*Exercise materials*.
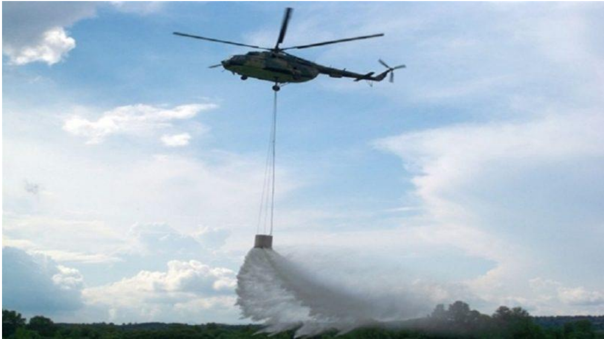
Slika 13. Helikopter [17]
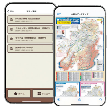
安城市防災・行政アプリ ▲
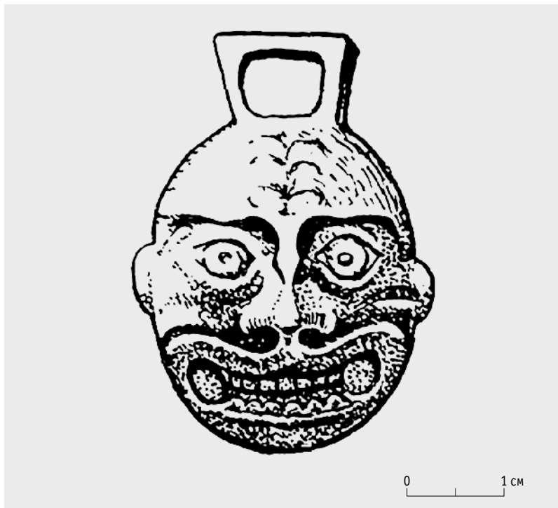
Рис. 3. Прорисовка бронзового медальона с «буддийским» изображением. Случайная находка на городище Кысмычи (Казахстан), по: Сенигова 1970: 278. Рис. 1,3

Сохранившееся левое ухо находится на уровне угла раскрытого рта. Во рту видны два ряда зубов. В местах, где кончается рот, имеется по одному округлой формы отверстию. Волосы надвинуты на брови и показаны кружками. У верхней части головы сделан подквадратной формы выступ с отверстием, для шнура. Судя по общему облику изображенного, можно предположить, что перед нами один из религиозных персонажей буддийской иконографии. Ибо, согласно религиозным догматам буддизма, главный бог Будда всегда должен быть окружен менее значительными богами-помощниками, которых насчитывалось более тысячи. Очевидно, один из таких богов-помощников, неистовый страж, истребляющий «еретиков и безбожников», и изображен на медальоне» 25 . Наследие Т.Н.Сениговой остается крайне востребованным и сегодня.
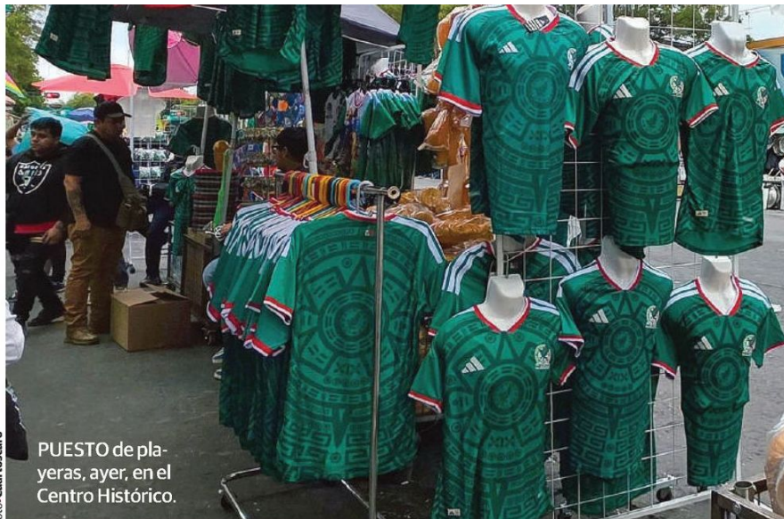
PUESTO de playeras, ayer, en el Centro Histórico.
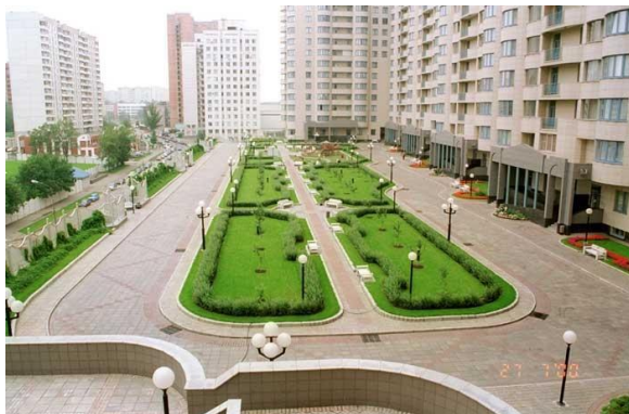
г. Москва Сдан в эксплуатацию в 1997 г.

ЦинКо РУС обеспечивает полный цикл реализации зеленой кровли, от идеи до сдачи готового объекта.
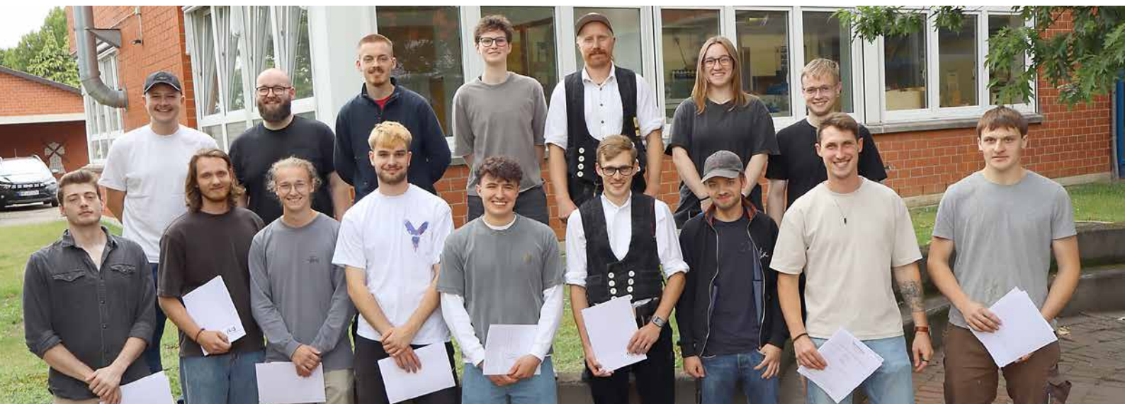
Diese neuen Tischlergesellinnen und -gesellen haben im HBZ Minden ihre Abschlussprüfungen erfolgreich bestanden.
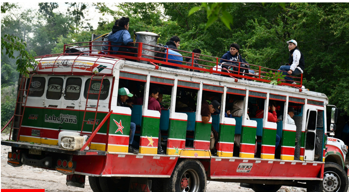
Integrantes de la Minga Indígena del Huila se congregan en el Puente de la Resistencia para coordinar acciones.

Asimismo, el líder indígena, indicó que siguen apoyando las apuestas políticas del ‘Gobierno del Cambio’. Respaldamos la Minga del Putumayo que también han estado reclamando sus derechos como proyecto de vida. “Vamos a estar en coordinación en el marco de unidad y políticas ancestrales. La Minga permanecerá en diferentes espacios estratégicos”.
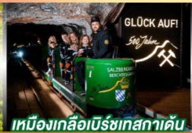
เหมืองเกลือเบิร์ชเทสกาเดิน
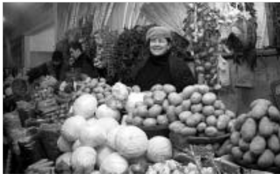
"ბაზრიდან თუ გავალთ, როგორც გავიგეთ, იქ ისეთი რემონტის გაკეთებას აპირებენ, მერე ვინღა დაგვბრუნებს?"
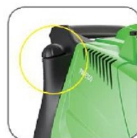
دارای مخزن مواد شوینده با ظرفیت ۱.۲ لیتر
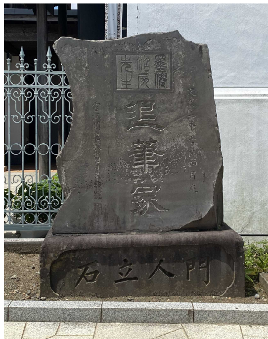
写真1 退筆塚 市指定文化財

* * *

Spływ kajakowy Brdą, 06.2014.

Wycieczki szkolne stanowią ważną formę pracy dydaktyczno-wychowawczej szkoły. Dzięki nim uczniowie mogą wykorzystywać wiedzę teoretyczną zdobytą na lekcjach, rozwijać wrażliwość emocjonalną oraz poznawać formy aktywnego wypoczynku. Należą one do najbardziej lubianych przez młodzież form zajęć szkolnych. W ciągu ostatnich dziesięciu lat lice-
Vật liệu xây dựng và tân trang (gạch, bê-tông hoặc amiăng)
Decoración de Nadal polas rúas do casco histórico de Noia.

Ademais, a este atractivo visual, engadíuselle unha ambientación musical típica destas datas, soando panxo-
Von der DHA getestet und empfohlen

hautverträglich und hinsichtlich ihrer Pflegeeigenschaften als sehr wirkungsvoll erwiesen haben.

* * *

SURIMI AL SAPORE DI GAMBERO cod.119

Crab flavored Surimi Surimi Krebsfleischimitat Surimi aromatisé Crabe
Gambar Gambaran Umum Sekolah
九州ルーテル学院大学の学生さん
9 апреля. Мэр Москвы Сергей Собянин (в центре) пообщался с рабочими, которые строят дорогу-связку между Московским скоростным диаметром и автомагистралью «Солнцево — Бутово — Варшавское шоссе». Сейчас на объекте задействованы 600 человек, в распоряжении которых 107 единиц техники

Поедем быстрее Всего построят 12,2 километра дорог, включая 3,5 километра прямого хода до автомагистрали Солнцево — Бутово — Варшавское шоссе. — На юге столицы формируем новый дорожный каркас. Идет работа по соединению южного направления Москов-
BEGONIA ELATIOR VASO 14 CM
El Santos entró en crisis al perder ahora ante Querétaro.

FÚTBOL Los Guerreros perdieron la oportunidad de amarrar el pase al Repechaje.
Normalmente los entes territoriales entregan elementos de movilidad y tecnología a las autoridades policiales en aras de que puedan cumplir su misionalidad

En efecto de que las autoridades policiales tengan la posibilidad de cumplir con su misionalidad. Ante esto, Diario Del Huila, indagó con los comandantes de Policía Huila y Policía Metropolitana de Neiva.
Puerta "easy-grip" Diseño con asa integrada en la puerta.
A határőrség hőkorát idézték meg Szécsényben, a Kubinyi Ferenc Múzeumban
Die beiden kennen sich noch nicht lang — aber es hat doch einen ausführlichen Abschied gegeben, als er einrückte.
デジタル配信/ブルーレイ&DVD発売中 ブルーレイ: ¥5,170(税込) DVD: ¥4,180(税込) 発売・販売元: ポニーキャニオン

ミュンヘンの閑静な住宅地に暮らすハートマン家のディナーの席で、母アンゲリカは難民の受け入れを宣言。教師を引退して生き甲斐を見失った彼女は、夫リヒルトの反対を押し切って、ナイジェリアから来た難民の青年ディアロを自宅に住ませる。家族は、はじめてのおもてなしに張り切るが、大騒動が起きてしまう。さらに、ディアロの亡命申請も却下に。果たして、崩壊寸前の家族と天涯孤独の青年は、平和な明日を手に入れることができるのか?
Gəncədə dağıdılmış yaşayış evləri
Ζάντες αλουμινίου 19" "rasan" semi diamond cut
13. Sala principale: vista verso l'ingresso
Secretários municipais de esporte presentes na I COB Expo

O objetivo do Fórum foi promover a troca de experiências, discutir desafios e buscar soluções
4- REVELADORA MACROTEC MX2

*Work to be completed*.
Going through the entries, return every line holding the word "misionalidad".

*Written response*.
Normalmente los entes territoriales entregan elementos de movilidad y tecnología a las autoridades policiales en aras de que puedan cumplir su misionalidad
En efecto de que las autoridades policiales tengan la posibilidad de cumplir con su misionalidad. Ante esto, Diario Del Huila, indagó con los comandantes de Policía Huila y Policía Metropolitana de Neiva.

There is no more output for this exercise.